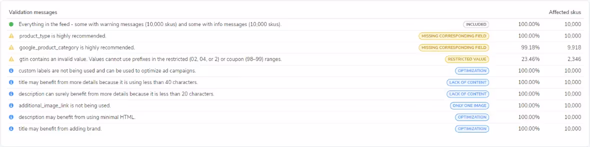 There are two types of messages left: warning vs info. Each with their own important details. Warning messages focus on the non-critical yet important data. These won’t stop your feed from being published yet are recommended. Info messages are completely optional changes that are small optimizations that can help with sales, discoverability, etc.
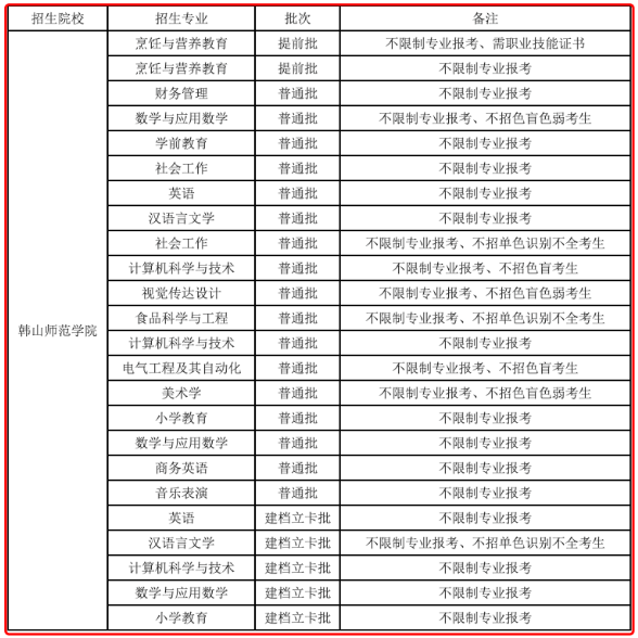 体育教学、小学教育、学前教育、汉语言文学、英语、数学与应用数学、物理学、地理信息科学、生物科学、环境工程、计算机科学与技术、土木工程、园林、公共事业管理、财务管理、美术学。
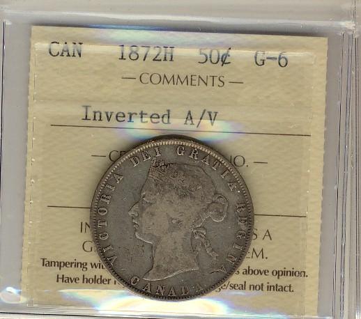 1872H 50¢ Inverted A/V ICCS G6
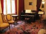 Enescu and his wife did not actually live in the main building of the palace, but in the small austere pavilion at the back of the garden, behind the palace. The three rooms displaying original furniture and personal objects recreate the familiar ambiance of the artist.
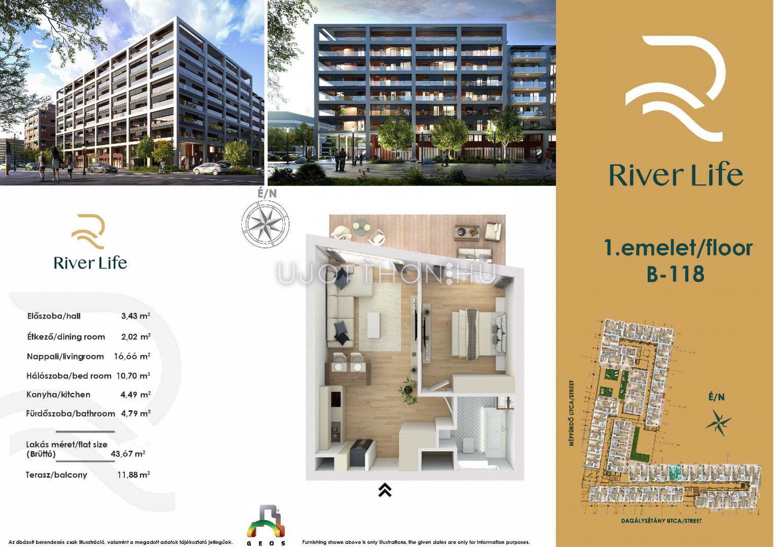 2 szobás 44 m2-es Lakás River Life - Budapest XIII. kerület, Vizafogó, Népfürdő utca 47
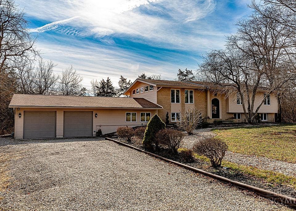 Updated 4-5 BR home offers an impressive blend of comfort, space, and natural beauty, nestled on 5.73 private acres surrounded by mature trees and serene views. The main floor features an inviting flow with a spacious family room, formal dining room, and an updated eat‑in kitchen. Both the kitchen and the primary bedroom open onto a full‑length deck, perfect for morning coffee or evening relaxation while overlooking the peaceful backyard. The lower level is a standout with four walk‑outs, a second expansive great room, a dedicated workout room, and a cozy family room complete with a wood‑burning fireplace and wet bar- ideal setup for an in‑law suite. A full bathroom, laundry room with utility tub, and storage complete this versatile level. Many will appreciate the oversized finished garage with workshop area and 220 electric, rustic cabin with electricity, a fire pit, storage shed, a flowing creek, and the kind of privacy that's increasingly hard to find.

──────────────────────────────

### TASK ITEM
An exact transcription of the listing is required, and it must contain no pictures.

### TASK RESULT
 There are two types of messages left: warning vs info. Each with their own important details. Warning messages focus on the non-critical yet important data. These won’t stop your feed from being published yet are recommended. Info messages are completely optional changes that are small optimizations that can help with sales, discoverability, etc.
 体育教学、小学教育、学前教育、汉语言文学、英语、数学与应用数学、物理学、地理信息科学、生物科学、环境工程、计算机科学与技术、土木工程、园林、公共事业管理、财务管理、美术学。
 1872H 50¢ Inverted A/V ICCS G6
 Enescu and his wife did not actually live in the main building of the palace, but in the small austere pavilion at the back of the garden, behind the palace. The three rooms displaying original furniture and personal objects recreate the familiar ambiance of the artist.
 2 szobás 44 m2-es Lakás River Life - Budapest XIII. kerület, Vizafogó, Népfürdő utca 47
 Updated 4-5 BR home offers an impressive blend of comfort, space, and natural beauty, nestled on 5.73 private acres surrounded by mature trees and serene views. The main floor features an inviting flow with a spacious family room, formal dining room, and an updated eat‑in kitchen. Both the kitchen and the primary bedroom open onto a full‑length deck, perfect for morning coffee or evening relaxation while overlooking the peaceful backyard. The lower level is a standout with four walk‑outs, a second expansive great room, a dedicated workout room, and a cozy family room complete with a wood‑burning fireplace and wet bar- ideal setup for an in‑law suite. A full bathroom, laundry room with utility tub, and storage complete this versatile level. Many will appreciate the oversized finished garage with workshop area and 220 electric, rustic cabin with electricity, a fire pit, storage shed, a flowing creek, and the kind of privacy that's increasingly hard to find.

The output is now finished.